--- Supplied records Enclosed Below ---
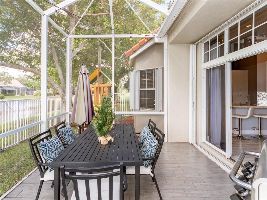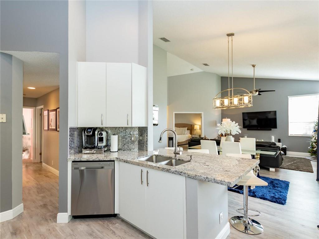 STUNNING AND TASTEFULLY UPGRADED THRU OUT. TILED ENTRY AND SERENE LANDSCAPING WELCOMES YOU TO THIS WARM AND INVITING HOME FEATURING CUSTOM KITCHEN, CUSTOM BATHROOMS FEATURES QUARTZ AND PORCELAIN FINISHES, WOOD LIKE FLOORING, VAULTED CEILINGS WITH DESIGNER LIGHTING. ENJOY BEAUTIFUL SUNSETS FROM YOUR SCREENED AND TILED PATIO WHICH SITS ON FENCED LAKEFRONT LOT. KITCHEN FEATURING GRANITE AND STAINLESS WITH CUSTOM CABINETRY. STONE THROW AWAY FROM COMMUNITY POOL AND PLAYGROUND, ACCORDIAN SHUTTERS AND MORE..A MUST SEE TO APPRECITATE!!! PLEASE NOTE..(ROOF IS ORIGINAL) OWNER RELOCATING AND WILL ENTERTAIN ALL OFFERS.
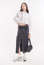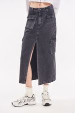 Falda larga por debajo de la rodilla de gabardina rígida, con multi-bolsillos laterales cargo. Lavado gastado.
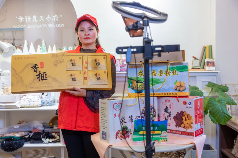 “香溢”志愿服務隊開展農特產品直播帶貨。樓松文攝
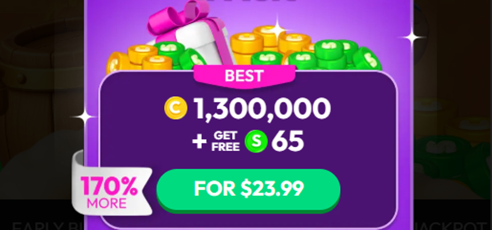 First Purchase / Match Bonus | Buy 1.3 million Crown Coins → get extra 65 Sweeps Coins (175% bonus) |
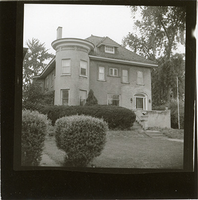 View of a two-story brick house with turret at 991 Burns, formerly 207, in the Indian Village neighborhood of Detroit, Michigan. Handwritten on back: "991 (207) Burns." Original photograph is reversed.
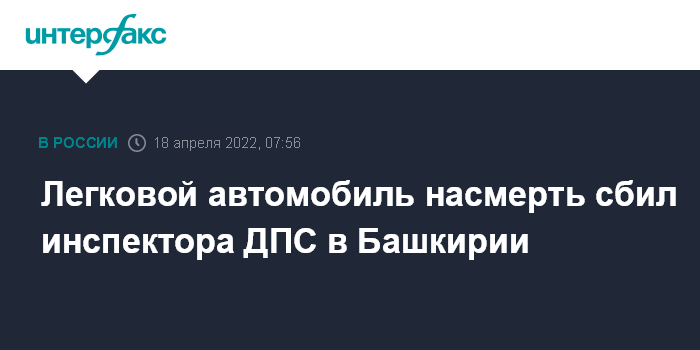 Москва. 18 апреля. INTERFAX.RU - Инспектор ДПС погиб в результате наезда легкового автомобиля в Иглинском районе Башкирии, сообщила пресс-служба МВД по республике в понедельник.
--- End of Enclosed Supplied records ---
--- What you should do ---
When you set down the material above, keep every word exact and include no pictures.

--- Solution to this exercise ---
 STUNNING AND TASTEFULLY UPGRADED THRU OUT. TILED ENTRY AND SERENE LANDSCAPING WELCOMES YOU TO THIS WARM AND INVITING HOME FEATURING CUSTOM KITCHEN, CUSTOM BATHROOMS FEATURES QUARTZ AND PORCELAIN FINISHES, WOOD LIKE FLOORING, VAULTED CEILINGS WITH DESIGNER LIGHTING. ENJOY BEAUTIFUL SUNSETS FROM YOUR SCREENED AND TILED PATIO WHICH SITS ON FENCED LAKEFRONT LOT. KITCHEN FEATURING GRANITE AND STAINLESS WITH CUSTOM CABINETRY. STONE THROW AWAY FROM COMMUNITY POOL AND PLAYGROUND, ACCORDIAN SHUTTERS AND MORE..A MUST SEE TO APPRECITATE!!! PLEASE NOTE..(ROOF IS ORIGINAL) OWNER RELOCATING AND WILL ENTERTAIN ALL OFFERS.
 Falda larga por debajo de la rodilla de gabardina rígida, con multi-bolsillos laterales cargo. Lavado gastado.
 “香溢”志愿服務隊開展農特產品直播帶貨。樓松文攝
 First Purchase / Match Bonus | Buy 1.3 million Crown Coins → get extra 65 Sweeps Coins (175% bonus) |
 View of a two-story brick house with turret at 991 Burns, formerly 207, in the Indian Village neighborhood of Detroit, Michigan. Handwritten on back: "991 (207) Burns." Original photograph is reversed.
 Москва. 18 апреля. INTERFAX.RU - Инспектор ДПС погиб в результате наезда легкового автомобиля в Иглинском районе Башкирии, сообщила пресс-служба МВД по республике в понедельник.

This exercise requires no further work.